◆ WHAT TO PRODUCE: Return the entries below word for word. No picture belongs in the copy.

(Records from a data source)
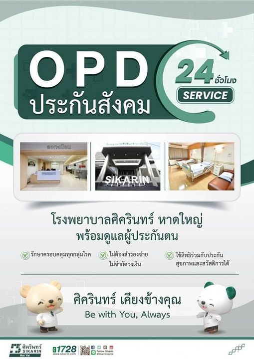 "ศิครินทร์" เคียงข้างคุณ พร้อมดูแลผู้ประกันตนทุกท่าน เจ็บป่วยไม่ต้องกังวล เข้ารับบริการที่โรงพยาบาลศิครินทร์ (OPD) ตลอด 24 ชั่วโมง 💚
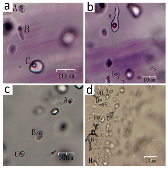 Microphotographs of typical fluid inclusions (A–H) in fluorite ((a) field of vision 1; (b) field of vision 2; (c) field of vision 3; (d) field of vision 4).
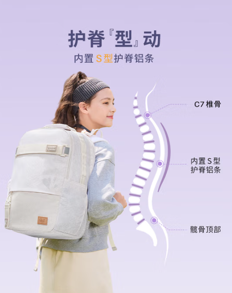 护脊设计堪称专业,S型人体工学加宽肩带能均匀分散肩部压力,不勒肩、不溜肩;3D透气护脊背板精准贴合孩子脊柱曲线,给背部足够支撑,帮助孩子保持挺拔坐姿,避免含胸驼背,守护发育期脊柱健康。胸扣和腰扣均可灵活调节,能适配不同身高的孩子,从一年级用到六年级,一步到位超省心。
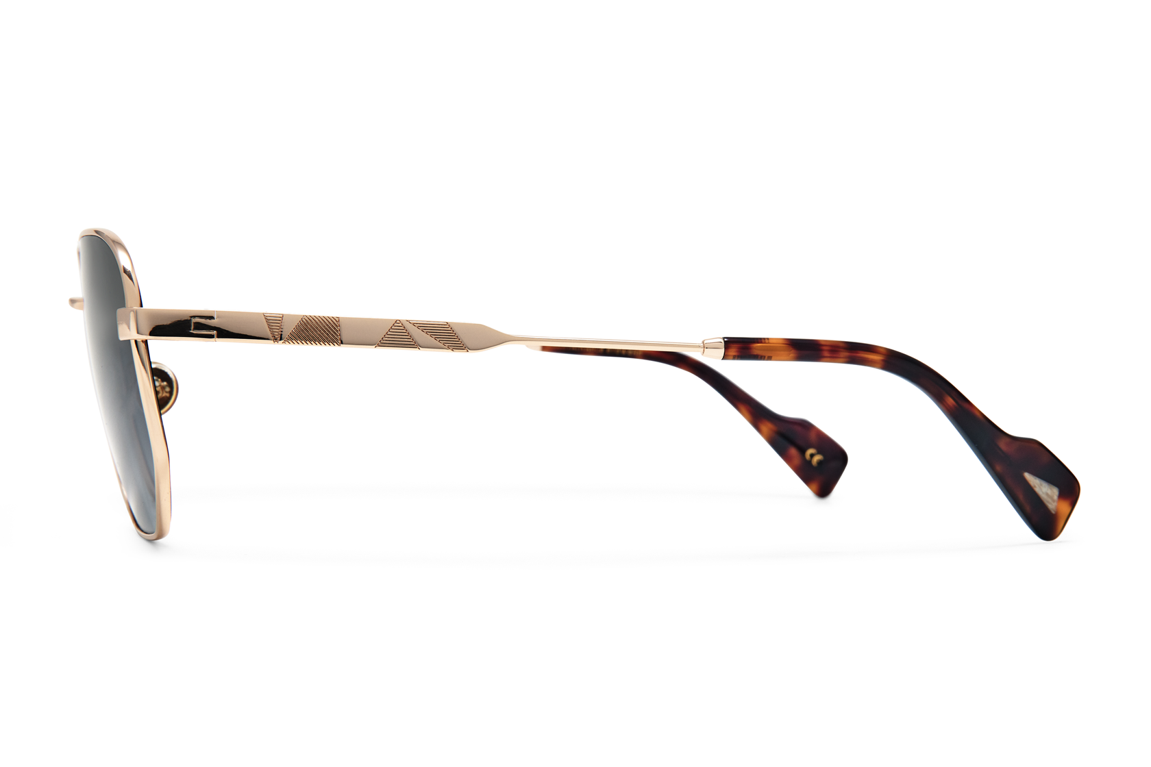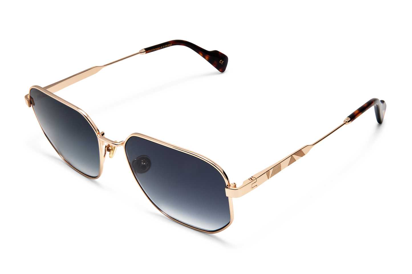 JUKTÅN is a light aviator frame crafted from Swedish recycled steel and biodegradable acetate. The temples feature a pattern depicting a mountain range, and the end-tips have inlays of sustainably and ethically sourced reindeer antler. The sunglasses have bio-nylon lenses that provide 100% protection from UVA, UVB, and UVC rays.
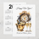 Fêtez la nouvelle année avec élégance ! Cette carte de vœux de Nouvel An exquise donne le ton pour une célébration glamour. La palette de couleurs noire et or sophistiquée, dans un style aquarelle, représente une horloge qui compte à rebours jusqu'à minuit, deux verres à champagne et un seau à champagne qui rafraîchit sur de la glace, promettant une année inoubliable. Le dos présente un calendrier pratique pour que votre destinataire puisse en profiter toute l'année. Avec des détails modifiables, personnalisez cette carte de vœux pour la rendre unique. Élevez votre Nouvel An et laissez une impression durable avec cette carte intemporelle et élégante ! À une année de joie, de rires et d'une nouvelle année splendide à venir ! Modifiez le texte depuis la page du produit ou utilisez l'outil de conception pour changer le style ou la couleur
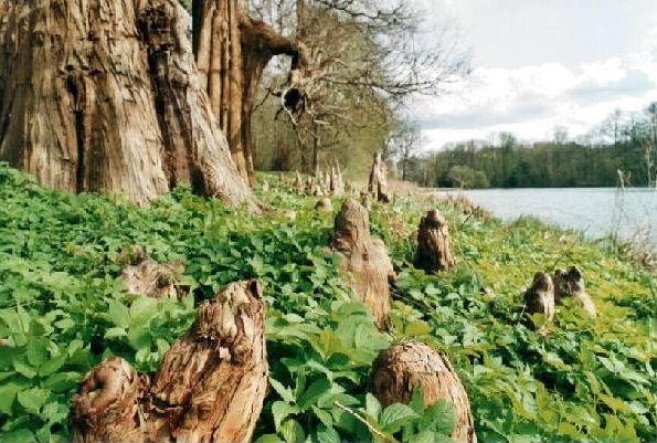 .GrüßeIrisP.S.Der Gehölzeexperte erkennt sofort die spitz-erotischen Knie eines Taxodium ascendens im Vordergrund, der mit einem Taxodium distichum im Hintergrund anbändelt. Man sieht deutlich die Knielandschaft; der Rest des Wurzelwerks ist abgetaucht.
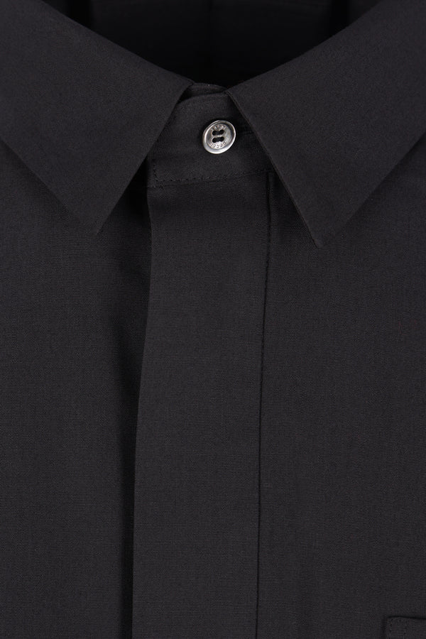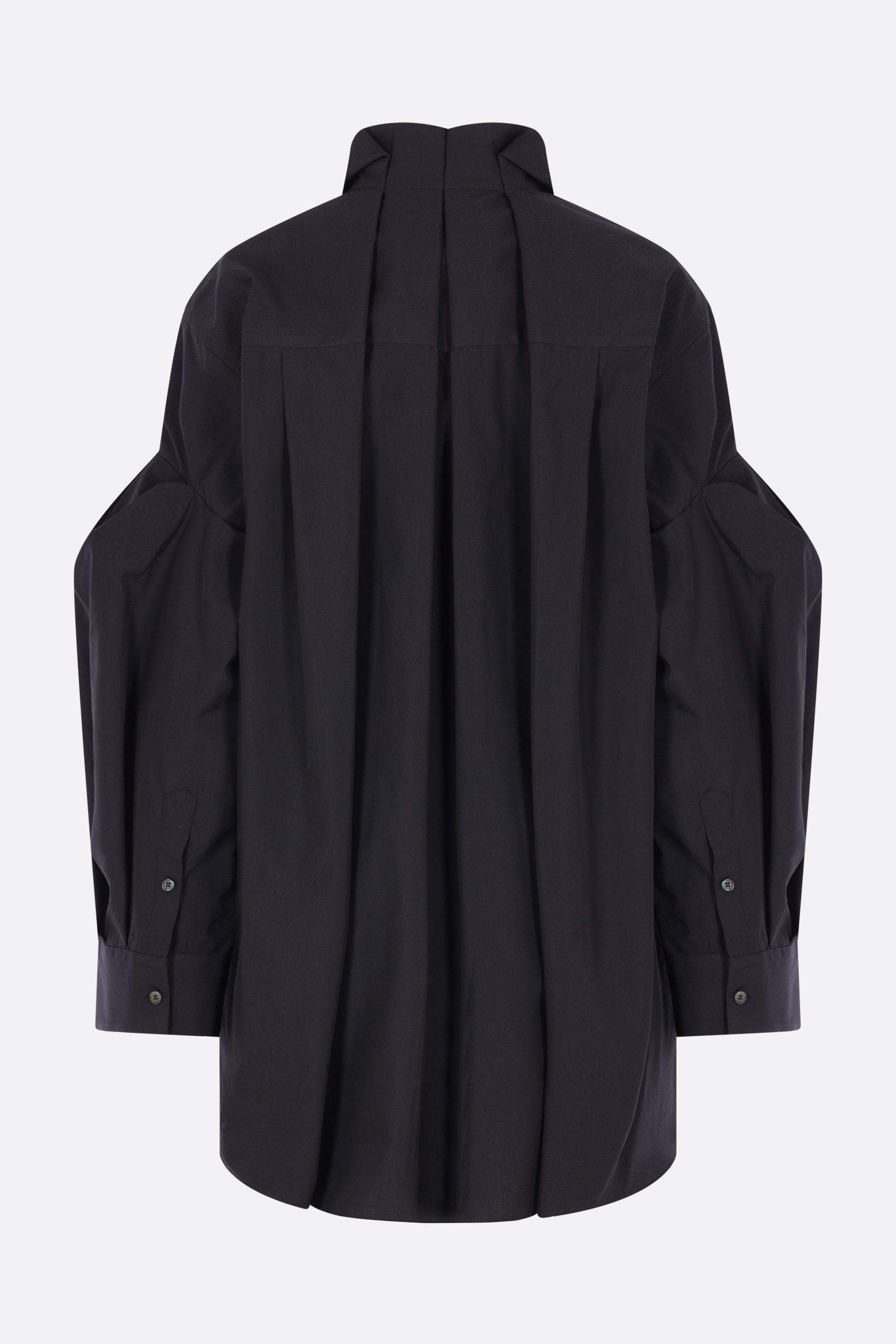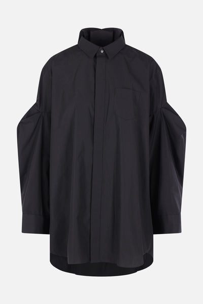 Camicia oversize di Sacai realizzata in popeline di misto cotone color nero. Caratterizzata da colletto classico, chiusura frontale nascosta con bottoni, taschino sul petto, maniche lunghe a sbuffo con polsini abbottonati, pieghe sul retro e fondo arrotondato più lungo sul retro.
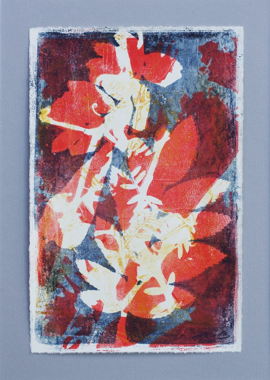 Der Zyklus Sleepless hingegen wurde inspiriert von einer Tanzchoreografie (Jirí Kylián) – das Prozesshafte der Technik Monotypie mit ihren vielen Schichten lässt hier die Tänzerinnen in Bewegung erscheinen, transformiert Bewegungen in Linien und Linien in Formen, die schließlich den Emotionen der Gestalten Ausdruck verleihen.
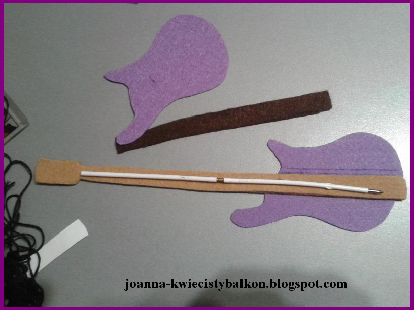 Jasno-brązowy filc był grubszy od fioletowego, ale co tam - gryf musi być sztywny - myślałam.
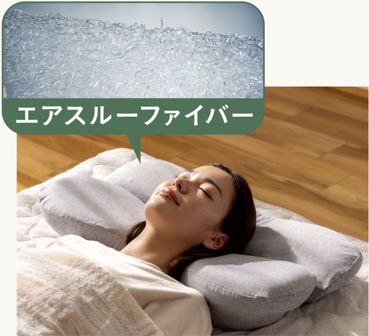 頭が触れる部分に通気性の高い空気繊維素材「エアスルーファイバー」を採用。これにより、首肩まわりはしっかり温めながらも、頭部は熱がこもらず快適。夏でも使いやすい構造です。
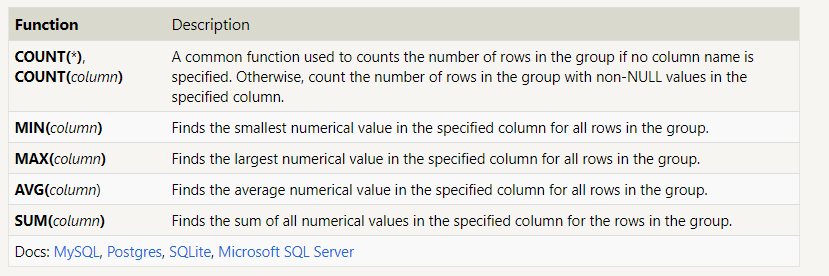 SELECT AGG_FUNC(column_or_expression) AS aggregate_description, …

◆ SOLUTION FOR THIS PROBLEM:
 "ศิครินทร์" เคียงข้างคุณ พร้อมดูแลผู้ประกันตนทุกท่าน เจ็บป่วยไม่ต้องกังวล เข้ารับบริการที่โรงพยาบาลศิครินทร์ (OPD) ตลอด 24 ชั่วโมง 💚
 Microphotographs of typical fluid inclusions (A–H) in fluorite ((a) field of vision 1; (b) field of vision 2; (c) field of vision 3; (d) field of vision 4).
 护脊设计堪称专业,S型人体工学加宽肩带能均匀分散肩部压力,不勒肩、不溜肩;3D透气护脊背板精准贴合孩子脊柱曲线,给背部足够支撑,帮助孩子保持挺拔坐姿,避免含胸驼背,守护发育期脊柱健康。胸扣和腰扣均可灵活调节,能适配不同身高的孩子,从一年级用到六年级,一步到位超省心。
 JUKTÅN is a light aviator frame crafted from Swedish recycled steel and biodegradable acetate. The temples feature a pattern depicting a mountain range, and the end-tips have inlays of sustainably and ethically sourced reindeer antler. The sunglasses have bio-nylon lenses that provide 100% protection from UVA, UVB, and UVC rays.
 Fêtez la nouvelle année avec élégance ! Cette carte de vœux de Nouvel An exquise donne le ton pour une célébration glamour. La palette de couleurs noire et or sophistiquée, dans un style aquarelle, représente une horloge qui compte à rebours jusqu'à minuit, deux verres à champagne et un seau à champagne qui rafraîchit sur de la glace, promettant une année inoubliable. Le dos présente un calendrier pratique pour que votre destinataire puisse en profiter toute l'année. Avec des détails modifiables, personnalisez cette carte de vœux pour la rendre unique. Élevez votre Nouvel An et laissez une impression durable avec cette carte intemporelle et élégante ! À une année de joie, de rires et d'une nouvelle année splendide à venir ! Modifiez le texte depuis la page du produit ou utilisez l'outil de conception pour changer le style ou la couleur
 .GrüßeIrisP.S.Der Gehölzeexperte erkennt sofort die spitz-erotischen Knie eines Taxodium ascendens im Vordergrund, der mit einem Taxodium distichum im Hintergrund anbändelt. Man sieht deutlich die Knielandschaft; der Rest des Wurzelwerks ist abgetaucht.
 Camicia oversize di Sacai realizzata in popeline di misto cotone color nero. Caratterizzata da colletto classico, chiusura frontale nascosta con bottoni, taschino sul petto, maniche lunghe a sbuffo con polsini abbottonati, pieghe sul retro e fondo arrotondato più lungo sul retro.
 Der Zyklus Sleepless hingegen wurde inspiriert von einer Tanzchoreografie (Jirí Kylián) – das Prozesshafte der Technik Monotypie mit ihren vielen Schichten lässt hier die Tänzerinnen in Bewegung erscheinen, transformiert Bewegungen in Linien und Linien in Formen, die schließlich den Emotionen der Gestalten Ausdruck verleihen.
 Jasno-brązowy filc był grubszy od fioletowego, ale co tam - gryf musi być sztywny - myślałam.
 頭が触れる部分に通気性の高い空気繊維素材「エアスルーファイバー」を採用。これにより、首肩まわりはしっかり温めながらも、頭部は熱がこもらず快適。夏でも使いやすい構造です。
 SELECT AGG_FUNC(column_or_expression) AS aggregate_description, …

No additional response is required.